#### [Directions for this task]
Begin at the line containing "随着巴萨3-3绝平、曼城4-1、国米4连胜,欧冠最新积分榜出炉:巴萨第11!" and restate it and each line after it exactly, up to and including the last line below. Leave pictures out.

#### [Data segment]
########

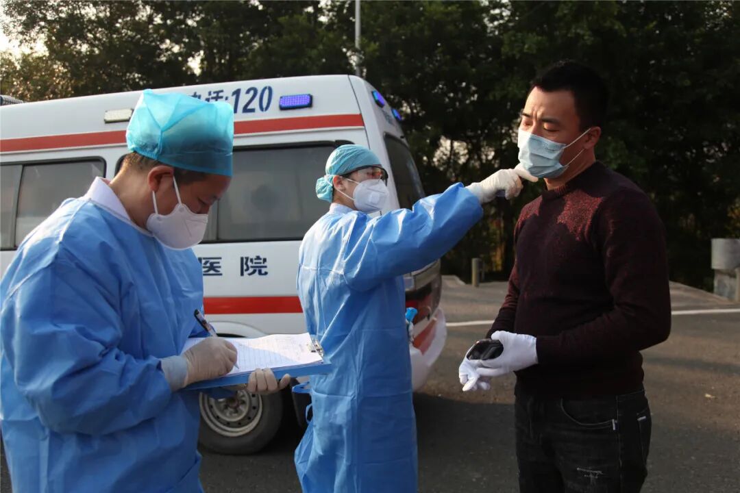 8时20分,两辆大货车从粤赣高速河源市区出口下高速。同济医院的医护人员上前为3名司乘人员测量体温,询问他们的身体健康状态,并登记姓名等信息。
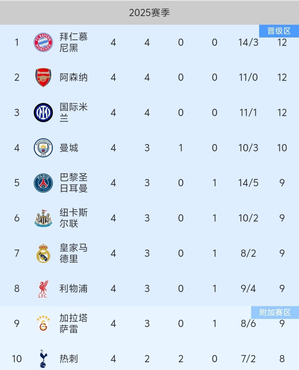 随着巴萨3-3绝平、曼城4-1、国米4连胜,欧冠最新积分榜出炉:巴萨第11!
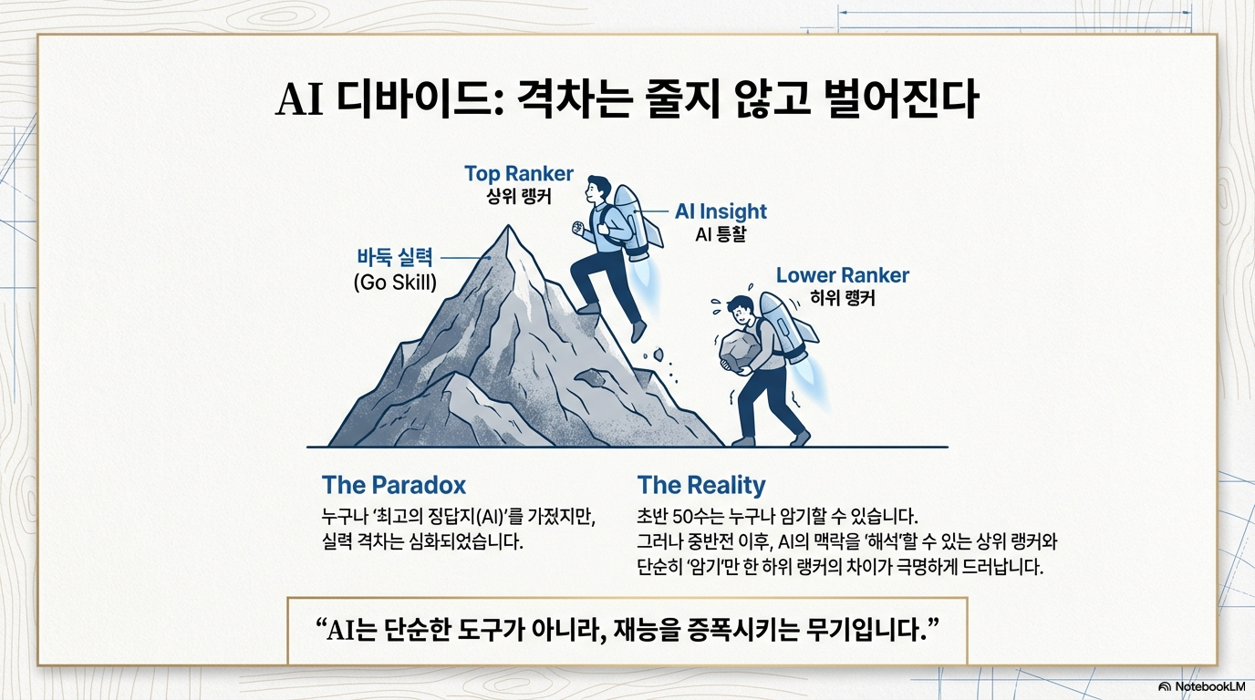 AI가 제시하는 수는 그 의미를 깊이 있게 이해하고 응용할 수 있는 최상위권 기사들에게만 온전한 무기가 되었다. 반면, 그 수준에 미치지 못하는 대다수 기사들에게 AI는 너무 어려운 '답안지'와 같아서 제대로 활용하기 어려웠다. 결국 AI를 얼마나 잘 소화하느냐에 따라 최상위권과 그 외 기사들 사이의 격차는 과거보다 훨씬 더 벌어지고 말았다.

########

#### [Solution to this problem]
 随着巴萨3-3绝平、曼城4-1、国米4连胜,欧冠最新积分榜出炉:巴萨第11!
 AI가 제시하는 수는 그 의미를 깊이 있게 이해하고 응용할 수 있는 최상위권 기사들에게만 온전한 무기가 되었다. 반면, 그 수준에 미치지 못하는 대다수 기사들에게 AI는 너무 어려운 '답안지'와 같아서 제대로 활용하기 어려웠다. 결국 AI를 얼마나 잘 소화하느냐에 따라 최상위권과 그 외 기사들 사이의 격차는 과거보다 훨씬 더 벌어지고 말았다.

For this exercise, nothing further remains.